WHERE CAN WE GO FROM HERE: STEPS FOR THE TIMES AHEAD
In no uncertain terms, the pressing priority of the day in the Indian data-landscape is for lawmakers to cogitate considerately upon a definition of ‘health data and information’. A good starting point to fortress individual rights over their personal health would be to place digital health data and information collected by third-party apps and platforms, as well as by IoT devices, under the ambit of the draft DPB-DISHA framework.
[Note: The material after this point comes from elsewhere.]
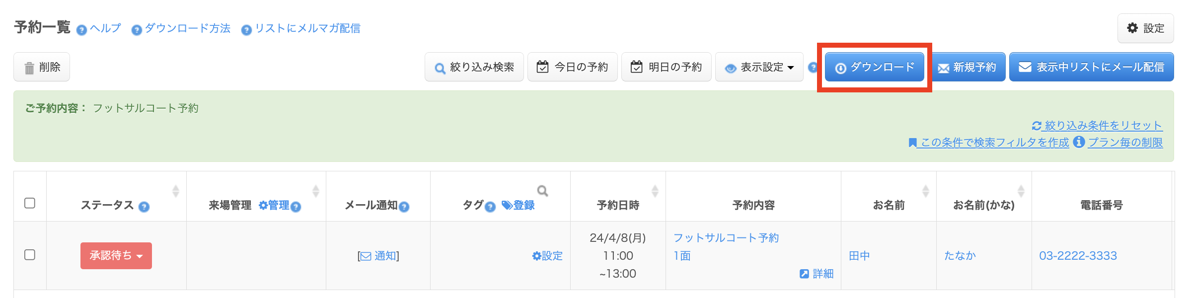 「ダウンロード」をクリックすると、絞り込んだ状態の予約リストをCSVファイルでダウンロードできます。
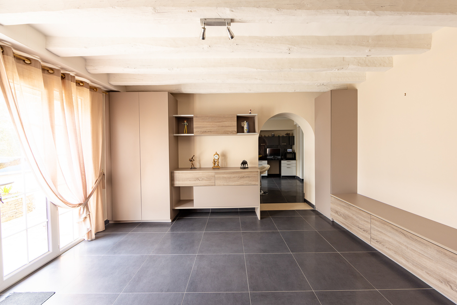 L’entrée spacieuse avec rangements mène à une belle pièce de vie traversante comprenant salon, séjour et cuisine ouverte, idéale pour recevoir. Le tout s’ouvre sur une terrasse exposée sud, pour des moments ensoleillés en toute tranquillité.

Subsequently, legislative intent must deliberate over the fact that a certain category of health data is more intimate and sensitive than others (like, mental health issues faced by an individual vis-à-vis the height of that person) and may necessitate a higher degree of care and protection. Hence, to ensure that the individual possesses absolute and unqualified autonomy over such data of such a delicate character, a graded approach to health data is necessary.And lastly, lawmakers in India must take into account that in the wake of ‘data-sharing and interoperability’ practices, the policy-framework governing health data and information does not trade off privacy principles in the veneer of supposedly facilitating public welfare. Both healthcare service providers, medical insurance providers, and other healthcare-service providing third parties should enact protective policies which ought to be designed to keep a tight lid on sensitive personal health data and information and associated medical records and histories. Along these lines, to take a cue from the European General Data Protection Regulation (“GDPR”), wherein data subjects have the ‘right to erasure’ as protected under Article 17 and Recital 65, GDPR – in India as well, individuals should also have the right to ensure that their sensitive personal data and information is erased if and where the said individual objects to the collection or processing of her/his health data and information.
The United States’ decision of Dobbs v. Jackson Women’s Health Organization (the regressive U-turn precedent to Wade) did ensure for certain one thing – that the frigidity of the winters of 1973 would certainly chill the spine of women fifty odd years after, in the summer of 2022. Trust, accountability, and transparency – at a time we need them the most are indeed the absolute, dire necessity of the moment.